(About this task):
In the material below, count the lines with the word "your" and state that number only.

:: Source material ::

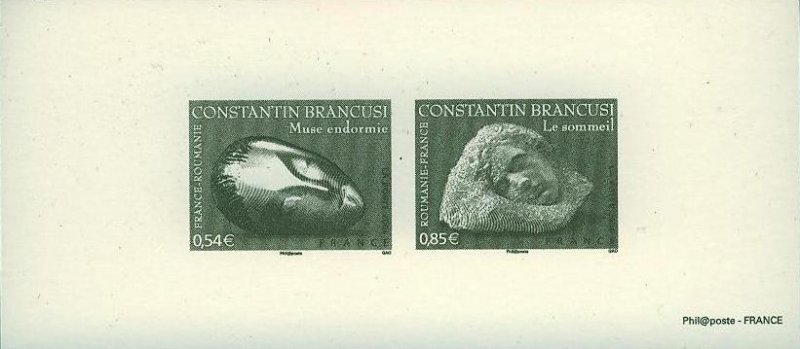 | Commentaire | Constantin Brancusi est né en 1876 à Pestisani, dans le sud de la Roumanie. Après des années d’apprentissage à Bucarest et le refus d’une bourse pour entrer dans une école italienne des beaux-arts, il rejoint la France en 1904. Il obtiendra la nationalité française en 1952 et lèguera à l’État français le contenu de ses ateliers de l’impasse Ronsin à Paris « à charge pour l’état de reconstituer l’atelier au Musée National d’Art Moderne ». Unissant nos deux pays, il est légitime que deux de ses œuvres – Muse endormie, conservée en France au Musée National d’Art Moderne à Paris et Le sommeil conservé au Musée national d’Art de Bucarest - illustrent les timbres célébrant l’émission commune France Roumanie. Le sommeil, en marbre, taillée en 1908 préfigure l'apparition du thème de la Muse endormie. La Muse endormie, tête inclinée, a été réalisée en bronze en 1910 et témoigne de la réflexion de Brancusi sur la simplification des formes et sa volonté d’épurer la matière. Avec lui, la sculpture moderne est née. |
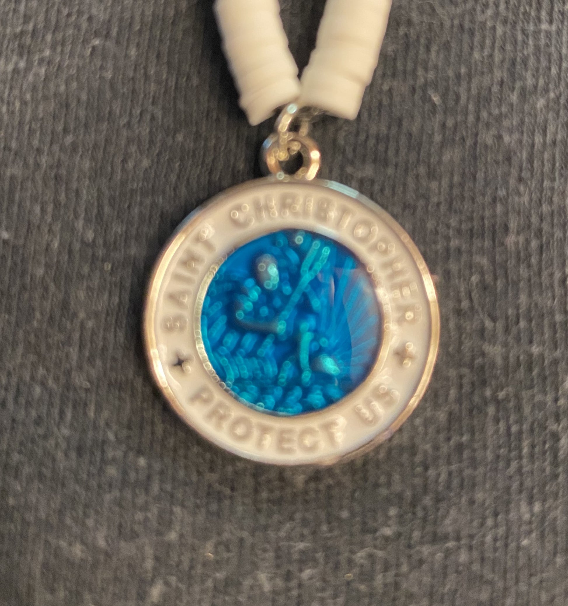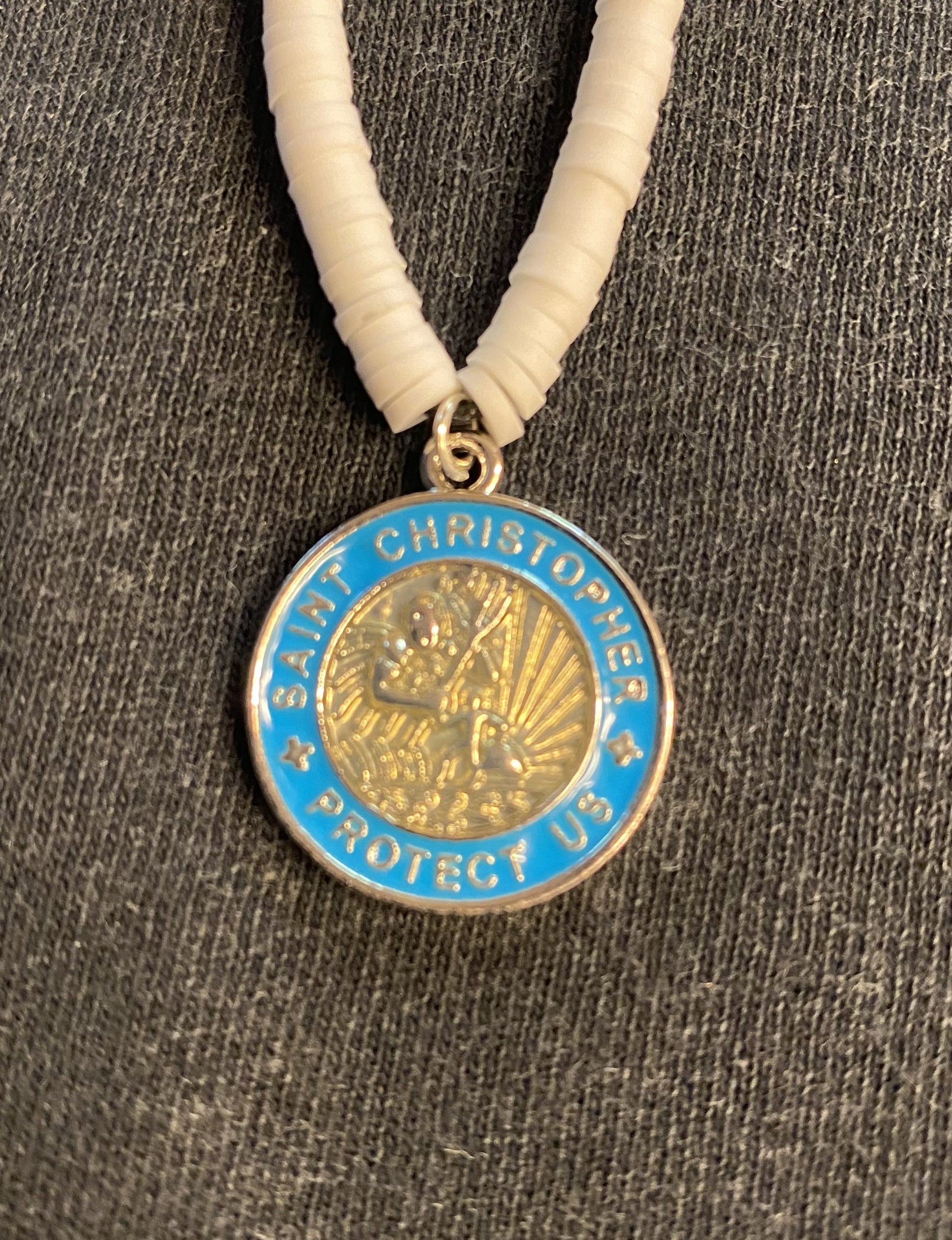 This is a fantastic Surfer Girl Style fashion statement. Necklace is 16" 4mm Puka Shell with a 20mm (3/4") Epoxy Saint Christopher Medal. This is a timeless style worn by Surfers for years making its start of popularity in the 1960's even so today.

:::
:: Source material ::

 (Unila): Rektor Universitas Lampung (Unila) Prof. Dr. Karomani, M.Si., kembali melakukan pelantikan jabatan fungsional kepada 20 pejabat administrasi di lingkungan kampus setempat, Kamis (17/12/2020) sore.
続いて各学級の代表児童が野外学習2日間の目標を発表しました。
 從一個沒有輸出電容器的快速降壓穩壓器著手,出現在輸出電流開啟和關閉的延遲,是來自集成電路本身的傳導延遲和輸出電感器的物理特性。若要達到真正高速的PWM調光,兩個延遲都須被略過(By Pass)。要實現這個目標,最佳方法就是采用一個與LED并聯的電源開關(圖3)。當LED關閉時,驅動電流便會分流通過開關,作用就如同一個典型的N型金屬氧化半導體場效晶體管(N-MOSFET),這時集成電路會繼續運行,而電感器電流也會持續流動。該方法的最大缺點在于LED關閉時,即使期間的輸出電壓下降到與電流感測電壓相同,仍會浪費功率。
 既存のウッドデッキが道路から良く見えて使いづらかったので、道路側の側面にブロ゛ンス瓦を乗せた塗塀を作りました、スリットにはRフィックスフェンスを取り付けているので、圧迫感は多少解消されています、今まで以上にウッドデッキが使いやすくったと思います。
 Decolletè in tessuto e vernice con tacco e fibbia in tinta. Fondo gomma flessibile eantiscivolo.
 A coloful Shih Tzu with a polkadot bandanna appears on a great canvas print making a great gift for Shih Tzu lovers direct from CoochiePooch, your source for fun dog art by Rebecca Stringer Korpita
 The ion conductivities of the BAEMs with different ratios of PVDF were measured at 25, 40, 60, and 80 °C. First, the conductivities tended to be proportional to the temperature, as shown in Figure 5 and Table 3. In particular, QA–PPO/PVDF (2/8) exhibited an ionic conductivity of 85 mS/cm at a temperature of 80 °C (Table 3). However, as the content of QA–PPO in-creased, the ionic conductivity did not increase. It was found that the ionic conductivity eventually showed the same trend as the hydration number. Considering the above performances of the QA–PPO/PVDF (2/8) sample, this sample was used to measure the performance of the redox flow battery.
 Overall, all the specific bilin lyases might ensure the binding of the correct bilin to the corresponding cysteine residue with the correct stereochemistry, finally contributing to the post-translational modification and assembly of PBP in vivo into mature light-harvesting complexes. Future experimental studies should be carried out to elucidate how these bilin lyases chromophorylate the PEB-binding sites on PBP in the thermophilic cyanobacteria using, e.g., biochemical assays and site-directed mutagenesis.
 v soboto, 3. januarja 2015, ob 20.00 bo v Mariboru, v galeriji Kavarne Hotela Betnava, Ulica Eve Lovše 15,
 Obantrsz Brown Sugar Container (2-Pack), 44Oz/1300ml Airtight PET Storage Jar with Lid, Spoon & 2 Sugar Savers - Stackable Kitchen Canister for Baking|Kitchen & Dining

:::
:: Source material ::

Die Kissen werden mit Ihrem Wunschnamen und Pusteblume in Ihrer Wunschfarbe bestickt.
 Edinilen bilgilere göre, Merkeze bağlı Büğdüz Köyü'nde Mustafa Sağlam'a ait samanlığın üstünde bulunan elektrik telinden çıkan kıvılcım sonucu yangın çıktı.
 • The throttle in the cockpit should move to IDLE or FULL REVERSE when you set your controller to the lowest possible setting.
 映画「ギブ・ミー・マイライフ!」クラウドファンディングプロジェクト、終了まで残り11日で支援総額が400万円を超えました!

:::

(Response area):
2